Again, the only pattern I see is that when items are marked multiple times, it doesn't hurt to drop the extra marks (double marked questions, double marked pronoun possessor phrases).  And back to the original question, these feature also seem like the least stable syntactic features, most likely to be lost over time.

Matthew Martin


--- In engelang@yahoogroups.com, MorphemeAddict <lytlesw@...> wrote:
>
> On Fri, Apr 15, 2011 at 4:17 PM, MatthewDeanMartin <matt@...
> > wrote:
> 
> >
> >
> > re: language learned from books get "reset"

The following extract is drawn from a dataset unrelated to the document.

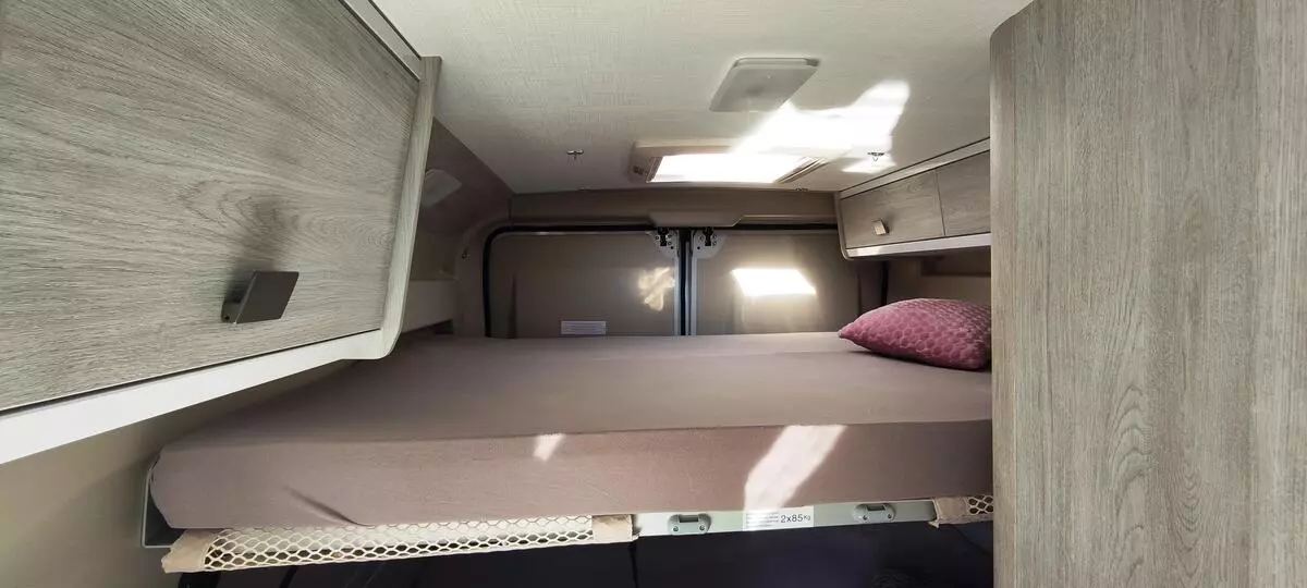 Distribución interior: Comedor, cama doble litera trasera, fregadero, cocina de dos fuegos, lavabo con ducha y váter fijo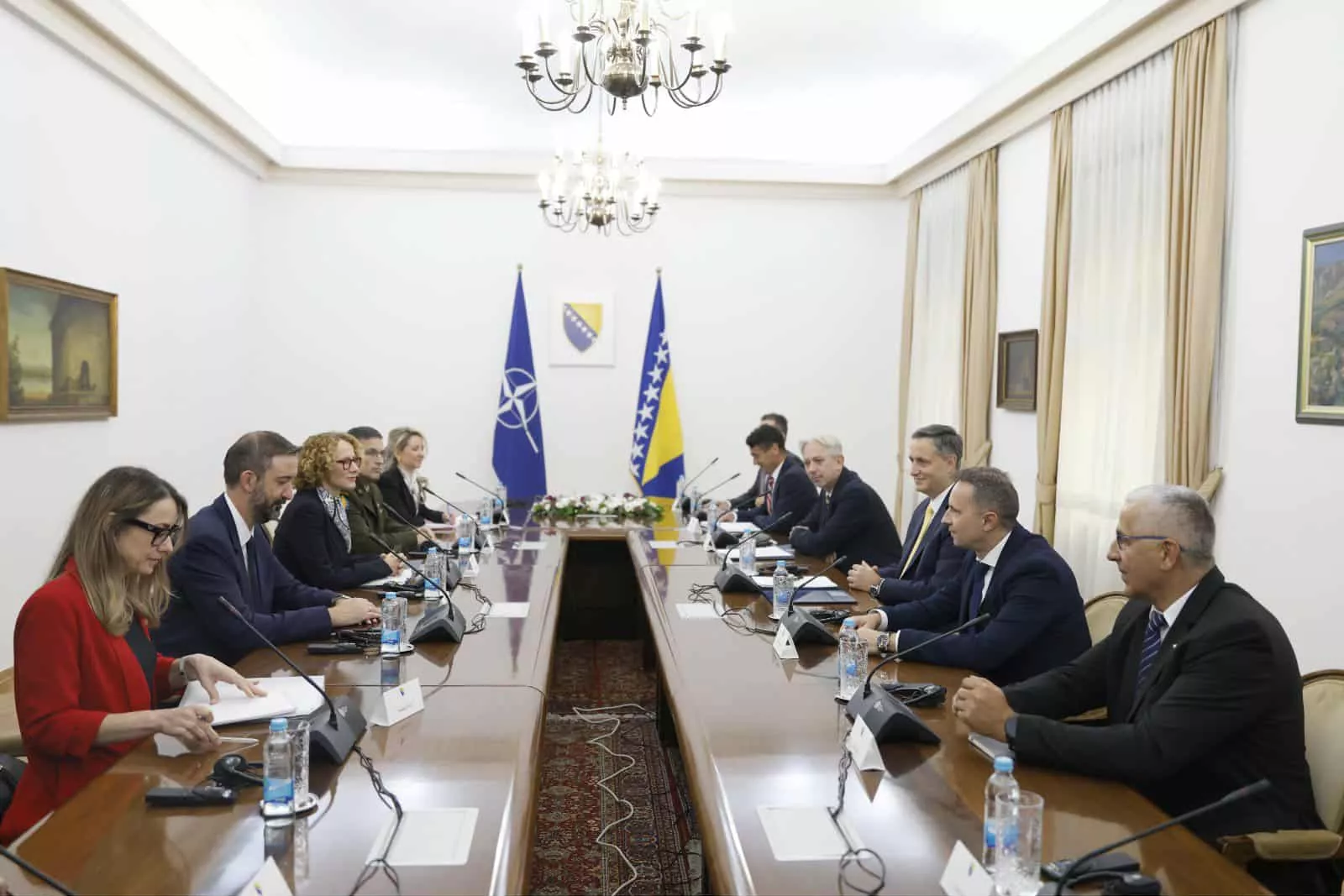 (Patria) - Član Predsjedništva BiH Denis Bećirović primio je jutros zamjenicu generalnog sekretara NATO-a Radmilu Šekerinska u zgradi Predsjedništva BiH.

> > Ah, good observation. I'm reading "The Last Lingua Franca" and this
> > phenomena is accredited for why lingua francas seem to be more stable,
> > especially where they are being used outside of the range where that
> > language is a mother tongue. [Taglish certainly looks like a counter
> > example, I'm not trying to say this is a law of physic or anything]
> >
> > re: noisy room & redundancy
> > Hmm. Maybe these are all the same problem. The problem of language change
> > over time is not unlike language change as it goes through a noisy telephone
> > connection.
> >
> As you've already mentioned, redundancy is one way to minimize the noise
> problem. I don't like redundancy in my conlang projects, but they haven't
> been thoroughly tested.
> 
> >
> > The ultimate in engineered protocols would be a sort of check sum. I've
> > been trying to think up a checksum that could be applied to language, but I
> > haven't though of one.
> >
> > I also have been noticing how certain mistakes in toki pona are
> > recoverable, i.e. if you make the mistake the meaning isn't lost, but other
> > mistakes, if you make the mistake, the sentence is gibberish. But I don't
> > have thing to generalize yet.
> >
> I'd like to hear what you find about this, i.e., what kinds of errors are
> major, and which are minor.
> 
> >
> > As Esperanto example would be eroded "n", which can be dropped without too
> > much loss because people use SVO ordering in addition to accusative marking.
> >
> This is why in Ido the accusative '-n' was dropped unless the word order is
> unusual. For Ido, it's a trade-off: either use strict (SVO) word order or
> mark the object.
> My projects all use strict (VSO) word order, so there are no cases.